*Try it*:
One range is to be output from the listing below, exactly as written: the line with "図書室にて、はじめのあいさつ" to the line with "Házfedéllel 1 Készlet", both kept.
[[ Data in this exercise, beginning ]]
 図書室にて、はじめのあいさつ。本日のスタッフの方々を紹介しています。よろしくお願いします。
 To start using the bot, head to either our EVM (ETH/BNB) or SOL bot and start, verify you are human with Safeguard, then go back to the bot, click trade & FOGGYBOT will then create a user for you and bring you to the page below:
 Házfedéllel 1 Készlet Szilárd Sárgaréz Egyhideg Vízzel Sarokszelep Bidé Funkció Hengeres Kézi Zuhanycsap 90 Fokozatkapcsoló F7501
[[ Data in this exercise, end ]]
[[ Data in this exercise, beginning ]]
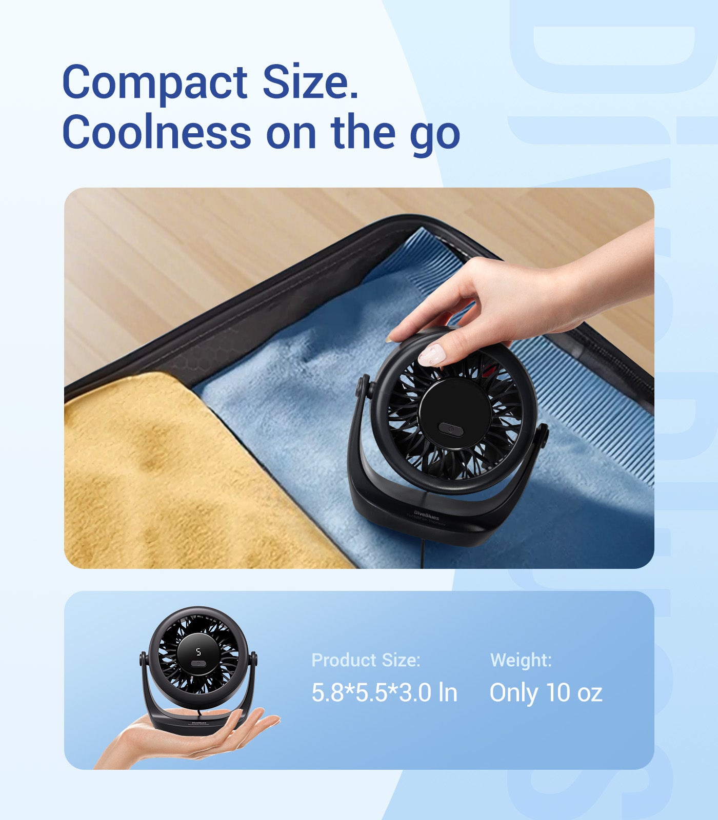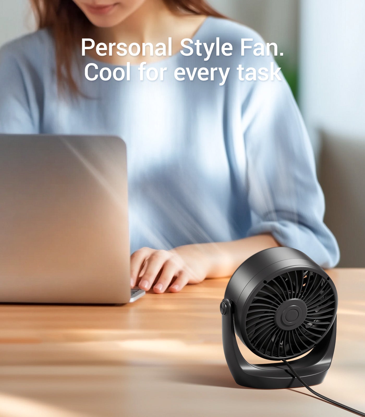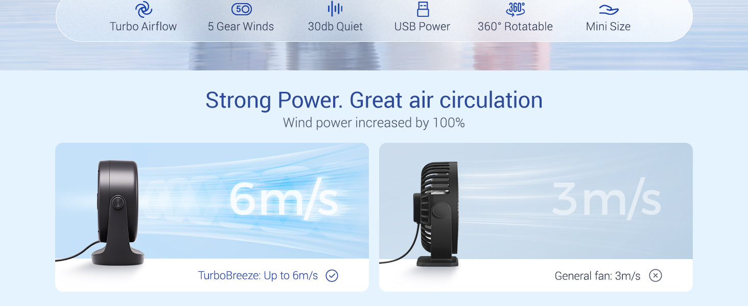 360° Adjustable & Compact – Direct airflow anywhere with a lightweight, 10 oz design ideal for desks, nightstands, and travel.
[[ Data in this exercise, end ]]
[[ Data in this exercise, beginning ]]
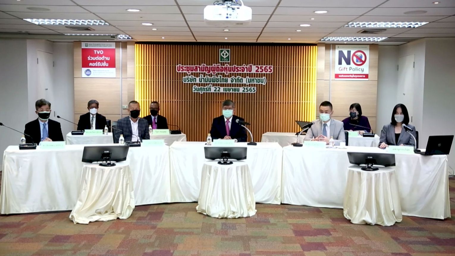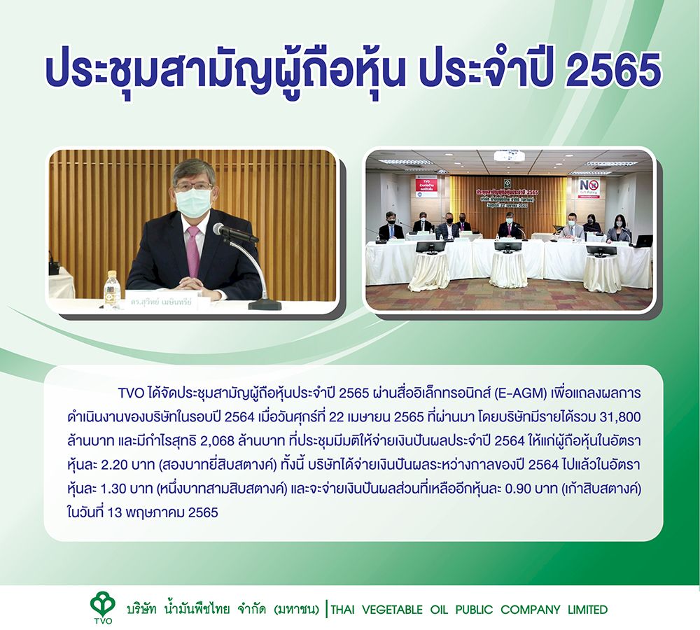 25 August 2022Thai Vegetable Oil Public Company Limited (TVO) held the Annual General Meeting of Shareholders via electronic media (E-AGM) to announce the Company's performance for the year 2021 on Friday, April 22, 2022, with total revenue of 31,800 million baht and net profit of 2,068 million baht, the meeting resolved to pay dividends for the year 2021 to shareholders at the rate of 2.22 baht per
[[ Data in this exercise, end ]]
*Your response*:
 図書室にて、はじめのあいさつ。本日のスタッフの方々を紹介しています。よろしくお願いします。
 To start using the bot, head to either our EVM (ETH/BNB) or SOL bot and start, verify you are human with Safeguard, then go back to the bot, click trade & FOGGYBOT will then create a user for you and bring you to the page below:
 Házfedéllel 1 Készlet Szilárd Sárgaréz Egyhideg Vízzel Sarokszelep Bidé Funkció Hengeres Kézi Zuhanycsap 90 Fokozatkapcsoló F7501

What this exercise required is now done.